If you ls pkg-demo/lambda/packages
, you'll see several directories
here (certifi, chardet, etc.) -- the lambda you wrote explicitly
depends on requests
, which in turn has its own dependencies
(as determined by pip-compile
).
Now run this:
ls "pkg-demo/lambda/packages/requests==2.20/files"/
You'll see a couple directories:
- requests
- requests-2.20.0.dist-info
PyPI packages often involve multiple modules/resources. If you had
pip installed requests
in a regular environment, both these modules
would have been created for you in "/usr/lib/python3/dist-packages"
(or similar) instead of this "files" directory.
To understand how package versions are selected, modify your
scraper.py
to just return the sys.path
, without doing anything more:
import requests, sys
def f(event):
return sys.path
Invoke it -- you should see something like this:
["/packages/certifi/files", "/packages/idna/files", "/packages/chardet/files", "/packages/urllib3/files", "/packages/requests==2.20/files", "/runtimes/python", "/lib/python310.zip", "/lib/python3.10", "/lib/python3.10/lib-dynload", "/lib/python3/dist-packages", "/usr/local/lib/python3.10/dist-packages", "/handler"]
Notice the "/packages/requests==2.20/files" entry -- the lambda instance runs in a chroot'd environment, so this is EXACTLY the same directory as "pkg-demo/lambda/packages/requests==2.20/files" as seen from the host.

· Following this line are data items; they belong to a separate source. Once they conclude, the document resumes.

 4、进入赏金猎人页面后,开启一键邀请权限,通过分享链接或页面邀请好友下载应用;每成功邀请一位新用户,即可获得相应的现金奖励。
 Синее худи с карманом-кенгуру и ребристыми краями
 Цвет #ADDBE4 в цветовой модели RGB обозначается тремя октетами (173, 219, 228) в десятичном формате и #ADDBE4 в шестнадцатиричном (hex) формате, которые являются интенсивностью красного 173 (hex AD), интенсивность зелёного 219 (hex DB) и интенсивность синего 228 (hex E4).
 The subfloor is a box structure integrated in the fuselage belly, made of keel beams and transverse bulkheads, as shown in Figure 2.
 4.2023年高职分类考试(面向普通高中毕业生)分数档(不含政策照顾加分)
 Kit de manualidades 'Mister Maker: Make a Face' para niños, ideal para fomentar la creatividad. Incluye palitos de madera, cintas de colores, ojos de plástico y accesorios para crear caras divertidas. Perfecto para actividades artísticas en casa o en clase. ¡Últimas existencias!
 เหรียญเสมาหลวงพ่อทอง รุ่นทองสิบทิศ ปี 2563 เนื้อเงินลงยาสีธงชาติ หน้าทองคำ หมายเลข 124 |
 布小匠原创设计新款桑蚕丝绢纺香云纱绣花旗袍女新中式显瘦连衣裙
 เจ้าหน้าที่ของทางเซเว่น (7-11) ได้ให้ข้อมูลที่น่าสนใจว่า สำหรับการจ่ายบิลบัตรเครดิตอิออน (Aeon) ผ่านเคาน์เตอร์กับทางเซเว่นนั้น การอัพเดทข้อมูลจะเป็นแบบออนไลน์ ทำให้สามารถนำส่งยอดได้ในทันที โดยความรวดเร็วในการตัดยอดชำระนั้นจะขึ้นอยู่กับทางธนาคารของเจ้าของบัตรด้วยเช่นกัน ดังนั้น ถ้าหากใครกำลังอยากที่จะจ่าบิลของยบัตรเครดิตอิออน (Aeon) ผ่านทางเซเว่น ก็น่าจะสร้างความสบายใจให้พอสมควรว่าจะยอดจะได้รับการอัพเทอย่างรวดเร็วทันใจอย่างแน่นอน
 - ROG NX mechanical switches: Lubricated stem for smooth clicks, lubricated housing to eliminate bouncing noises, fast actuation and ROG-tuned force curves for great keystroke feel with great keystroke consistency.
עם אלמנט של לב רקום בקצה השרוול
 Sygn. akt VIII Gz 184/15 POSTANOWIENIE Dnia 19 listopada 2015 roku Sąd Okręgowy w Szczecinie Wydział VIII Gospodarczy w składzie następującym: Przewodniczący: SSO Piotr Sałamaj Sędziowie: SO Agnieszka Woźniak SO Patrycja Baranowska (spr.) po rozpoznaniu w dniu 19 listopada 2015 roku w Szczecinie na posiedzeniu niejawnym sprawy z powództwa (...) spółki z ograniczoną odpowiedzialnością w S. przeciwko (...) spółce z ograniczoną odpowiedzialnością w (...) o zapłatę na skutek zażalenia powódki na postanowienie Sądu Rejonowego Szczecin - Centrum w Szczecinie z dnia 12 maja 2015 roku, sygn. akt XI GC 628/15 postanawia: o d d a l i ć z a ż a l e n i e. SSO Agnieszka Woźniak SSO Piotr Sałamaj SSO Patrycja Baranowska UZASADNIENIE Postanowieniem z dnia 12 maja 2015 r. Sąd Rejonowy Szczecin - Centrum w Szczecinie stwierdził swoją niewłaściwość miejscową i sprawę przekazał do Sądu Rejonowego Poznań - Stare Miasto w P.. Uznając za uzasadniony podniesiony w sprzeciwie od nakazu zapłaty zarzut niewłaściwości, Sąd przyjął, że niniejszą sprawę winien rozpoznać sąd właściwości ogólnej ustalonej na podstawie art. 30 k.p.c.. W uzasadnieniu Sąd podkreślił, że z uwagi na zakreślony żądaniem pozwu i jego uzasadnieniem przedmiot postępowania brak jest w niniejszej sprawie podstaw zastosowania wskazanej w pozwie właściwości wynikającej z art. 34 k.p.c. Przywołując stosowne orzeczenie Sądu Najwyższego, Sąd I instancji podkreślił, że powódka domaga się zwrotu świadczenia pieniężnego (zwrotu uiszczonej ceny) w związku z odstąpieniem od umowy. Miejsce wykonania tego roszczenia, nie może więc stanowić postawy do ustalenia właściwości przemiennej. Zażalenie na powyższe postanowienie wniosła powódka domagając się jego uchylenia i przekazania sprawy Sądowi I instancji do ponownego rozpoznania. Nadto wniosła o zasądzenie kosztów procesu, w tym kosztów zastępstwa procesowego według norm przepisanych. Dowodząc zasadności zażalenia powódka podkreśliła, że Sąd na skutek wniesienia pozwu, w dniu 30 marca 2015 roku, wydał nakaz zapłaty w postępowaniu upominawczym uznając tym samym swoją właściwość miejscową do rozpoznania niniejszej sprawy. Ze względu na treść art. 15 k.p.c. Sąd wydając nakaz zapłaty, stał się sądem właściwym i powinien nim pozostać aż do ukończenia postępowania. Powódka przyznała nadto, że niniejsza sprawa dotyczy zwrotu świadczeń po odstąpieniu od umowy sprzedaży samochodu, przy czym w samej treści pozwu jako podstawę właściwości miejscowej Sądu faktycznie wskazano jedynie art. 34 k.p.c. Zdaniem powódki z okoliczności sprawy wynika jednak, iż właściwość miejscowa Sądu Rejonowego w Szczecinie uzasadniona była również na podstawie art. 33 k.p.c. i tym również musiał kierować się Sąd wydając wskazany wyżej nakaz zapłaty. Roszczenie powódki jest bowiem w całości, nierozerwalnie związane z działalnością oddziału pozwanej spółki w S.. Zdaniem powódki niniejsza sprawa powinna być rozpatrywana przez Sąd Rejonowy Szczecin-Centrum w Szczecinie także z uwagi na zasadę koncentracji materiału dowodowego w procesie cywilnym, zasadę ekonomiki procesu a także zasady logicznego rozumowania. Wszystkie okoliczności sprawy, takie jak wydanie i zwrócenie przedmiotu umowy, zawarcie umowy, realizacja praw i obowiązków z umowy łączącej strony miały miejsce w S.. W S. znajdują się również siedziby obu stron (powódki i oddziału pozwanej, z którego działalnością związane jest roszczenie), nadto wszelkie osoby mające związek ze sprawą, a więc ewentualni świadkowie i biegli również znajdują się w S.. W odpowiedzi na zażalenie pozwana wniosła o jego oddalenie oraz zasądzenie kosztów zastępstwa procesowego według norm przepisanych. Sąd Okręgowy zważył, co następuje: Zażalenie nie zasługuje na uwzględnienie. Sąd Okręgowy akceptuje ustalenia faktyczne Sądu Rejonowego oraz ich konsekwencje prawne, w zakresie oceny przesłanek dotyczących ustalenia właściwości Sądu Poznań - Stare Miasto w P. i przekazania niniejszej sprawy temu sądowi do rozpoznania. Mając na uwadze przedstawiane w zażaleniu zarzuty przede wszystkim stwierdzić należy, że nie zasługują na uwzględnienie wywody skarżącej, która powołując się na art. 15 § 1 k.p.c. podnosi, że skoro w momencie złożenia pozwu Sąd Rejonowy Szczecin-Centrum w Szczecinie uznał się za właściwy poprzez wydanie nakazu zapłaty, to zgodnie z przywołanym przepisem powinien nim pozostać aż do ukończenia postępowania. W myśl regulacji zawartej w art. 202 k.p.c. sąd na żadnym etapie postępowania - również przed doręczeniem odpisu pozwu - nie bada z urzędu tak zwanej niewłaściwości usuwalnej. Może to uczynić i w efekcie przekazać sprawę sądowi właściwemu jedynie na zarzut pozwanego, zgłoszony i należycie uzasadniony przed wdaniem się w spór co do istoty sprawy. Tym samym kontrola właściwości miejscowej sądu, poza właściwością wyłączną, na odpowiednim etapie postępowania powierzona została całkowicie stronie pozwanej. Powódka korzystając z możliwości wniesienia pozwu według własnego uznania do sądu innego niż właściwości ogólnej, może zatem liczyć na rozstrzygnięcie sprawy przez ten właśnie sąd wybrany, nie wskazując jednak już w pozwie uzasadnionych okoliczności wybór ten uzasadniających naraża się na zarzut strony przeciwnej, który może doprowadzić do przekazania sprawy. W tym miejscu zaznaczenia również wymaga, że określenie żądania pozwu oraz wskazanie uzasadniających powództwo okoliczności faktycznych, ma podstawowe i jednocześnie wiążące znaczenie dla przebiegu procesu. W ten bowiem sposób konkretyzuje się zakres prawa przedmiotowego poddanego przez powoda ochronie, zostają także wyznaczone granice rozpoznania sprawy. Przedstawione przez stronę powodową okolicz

If you look at "pkg-demo/worker/scratch/", you'll see the writable
scratch directories for the SOCK containers. You'll notice multiple
"????-scraper" directories since the code has changed and new
directories have been created. ls
inside the one with the biggest
number, and you'll find a "bootstrap.py" file. If you look inside
that, you'll see the modifications to sys.path
. Take a look at
SOCKPool.Create
in the code to see where this file is created for
each new sandbox.
We assume PyPI contains may be malicious. This means that we need to install packages in containers, and we shouldn't do multiples installs in the same container (even in the case of implicit dependencies). OpenLambda does not currently limit the time for an install, so a malicious package could still tie up resources indefinitely even though it is containerized (this is future work). We don't limit the space it can consume either.
The PackagePuller
in
github.com/open-lambda/open-lambda/ol/worker/lambda is responsible for
doing pip installs in sandboxes and recursively finding dependencies.
Normally, "/host" (from inside a SOCK container) maps to a directory inside "worker/scratch" (on the host). For install containers, "/host" maps to a package-specific directory under "pkg-demo/lambda/packages" so that pip can install the package in a directory visible to all lambda instances (but cannot interfere with other files).
PackagePuller
uses an install like this to install in "packages" on the host:
pip3 install --no-deps PACKAGE_NAME --cache-dir /tmp/.cache -t /host/files
The --no-deps
flag means it will not attempt to install implicit
dependencies. Instead, the PackagePuller
will inspect the
METADATA
file for dependencies (looking for lines like
Requires-Dist:
). These will be passed back so the PackagePuller can
install the implicit dependencies individually in other containers.
Note that the PackagePuller
parsing of METADATA
is not as
sophisticated as pip
itself -- it probably misses some dependencies
in more complicated cases (like platform specific dependencies or
conditional dependencies in general).